I noticed yesterday on the way home from Ogden how, on the country music station I was listening to, the DJs liked to crack jokes about how their wives were always right, the most important words for a healthy marriage were "I'm sorry. I was wrong." etc. etc.--almost a smug sense of not needing to do battle. I think it goes back to the tolerance thing we talked about: it's easier to "tolerate" rather than engage, because then you don't have to risk anything. You're boundaries of selfhood/superiority etc. are secured.
I think there is something certainly patronizing about the modern male behavior towards women and that it springs from what you say: there is no real threat. But I'm not sure about the tribe example.
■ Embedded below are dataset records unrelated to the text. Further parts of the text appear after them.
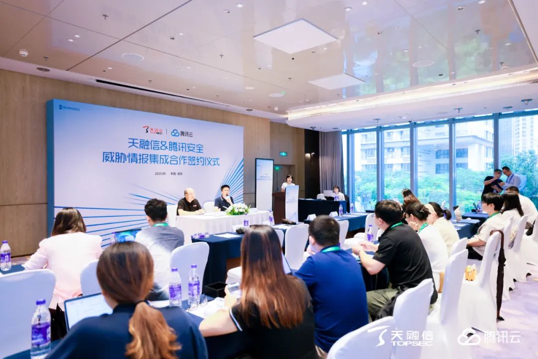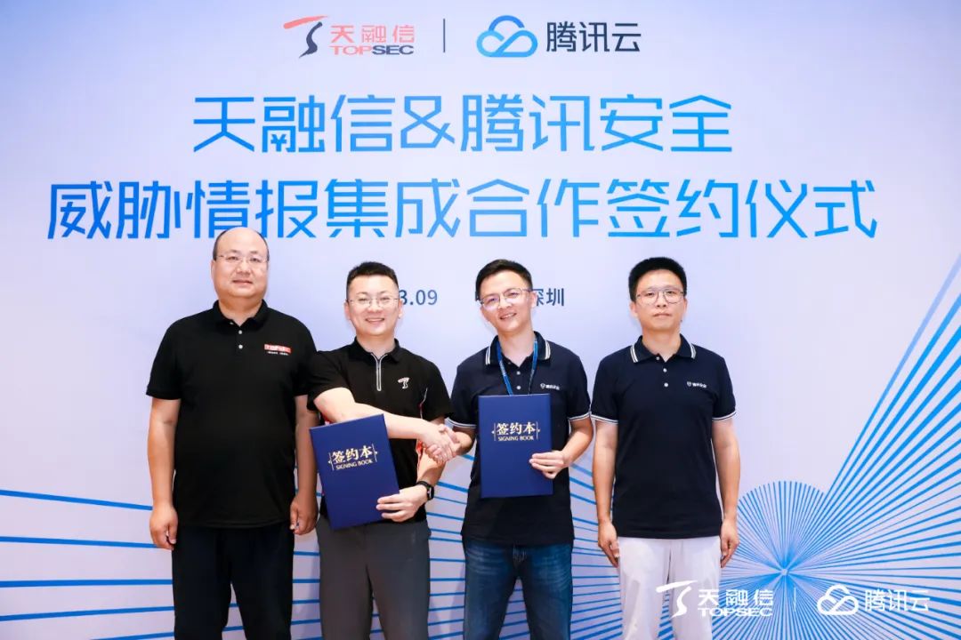 9月7-8日,以“智变加速,产业焕新”为主题的2023年腾讯全球数字生态大会在深圳国际会展中心隆重举行。大会期间,天融信科技集团与腾讯安全达成威胁情报集成合作协议,正式将腾讯安全威胁情报能力以SDK的方式集成到天融信下一代防火墙产品中,双方优势互补,共同提升企业客户边界安全防护能力。天融信科技集团高级副总裁杨斌、副总裁刘斯宇,腾讯安全副总裁方斌、产品副总经理洪春华出席签约仪式。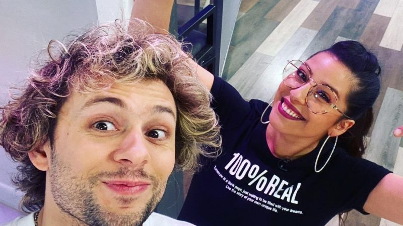 La joven que conocimos en "Rojo" con su talento vocal dio una nueva vuelta al sol, y Joaquín subió una foto donde aparece abrazando a su compañera de trabajo, en una de las jornadas que comparten animando el programa de concursos, La hora de jugar, de Mega.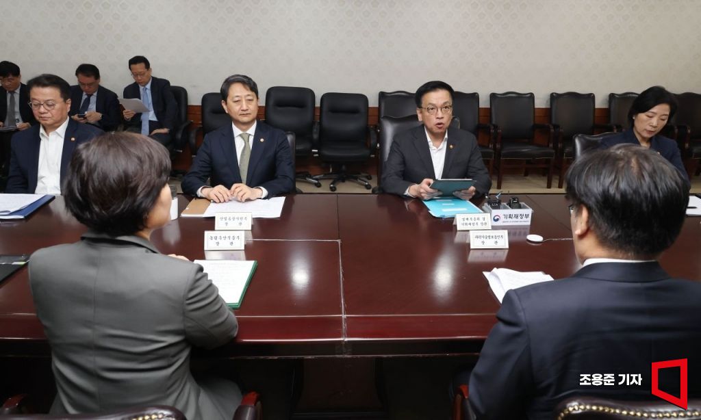 최상목 부총리 겸 기획재정부 장관이 8일 서울 종로구 정부서울청사에서 미국 관세 부과에 따른 분야별 영향 점검을 논의하기 위해 열린 경제관계장관 현안 간담회에 참석, 발언하고 있다.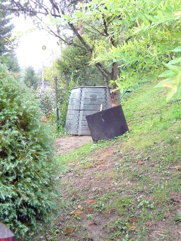 Ich výška je 100 cm a priemer 90 až 100 cm. Zásobníky sú celý čas prikryté plechom. Druhý spôsob kratšie, len cca 3 mesiace. Je určený na ostatný biologický odpad. Využívam k nemu plastový kompostér, ktorý sme dostali od obce. Má objem 1050 litrov a je to kráľ medzi kompostérmi.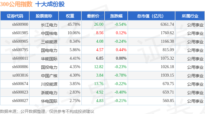 300公用(000917)指数十大成份股详情如下:

Maybe you are right but it seems there is a danger that we might romanticize the tribal experience. I pretty confident that violence towards women was also part of the tribal experience.
CI wrote:
But I'm not sure about the tribe example. Maybe you are right....
Right about what? Other than saying that the male leader's offense might indicate that he has some serious doubts about his value to the community, I didn't really say anything about the tribe. Did I?
You wrote:
it seems there is a danger that we might romanticize the tribal experience.
At present, I don't think there's any danger at all of 'romanticizing' the tribal experience. We've been going pretty far in the opposite direction for quite a few centuries now. If you ask me the danger is in romanticizing the Colonial and WWII periods in America, the classical periods of Greece and Rome, the Imperial past of Japan, the Victorian Age in England, the Renaissance in Italy.... On the other hand, it's become downright cliche to say that we have to beware of 'romanticizing' the tribal experience. It's kind of like saying there's a real danger in trusting too much in used car salesmen and asbestos products.
You wrote:
I'm pretty confident that violence towards women was also part of the tribal experience.
Of course. And so is/was violence directed by females towards men. Sexism, though, based on the anthropological evidence I've seen, is a much bigger problem in the civilized world than in primitive tribes (and I'd even go further to say that it's a bigger problem in highly civilized cultures like America than in less 'developed' countries like Mexico or India).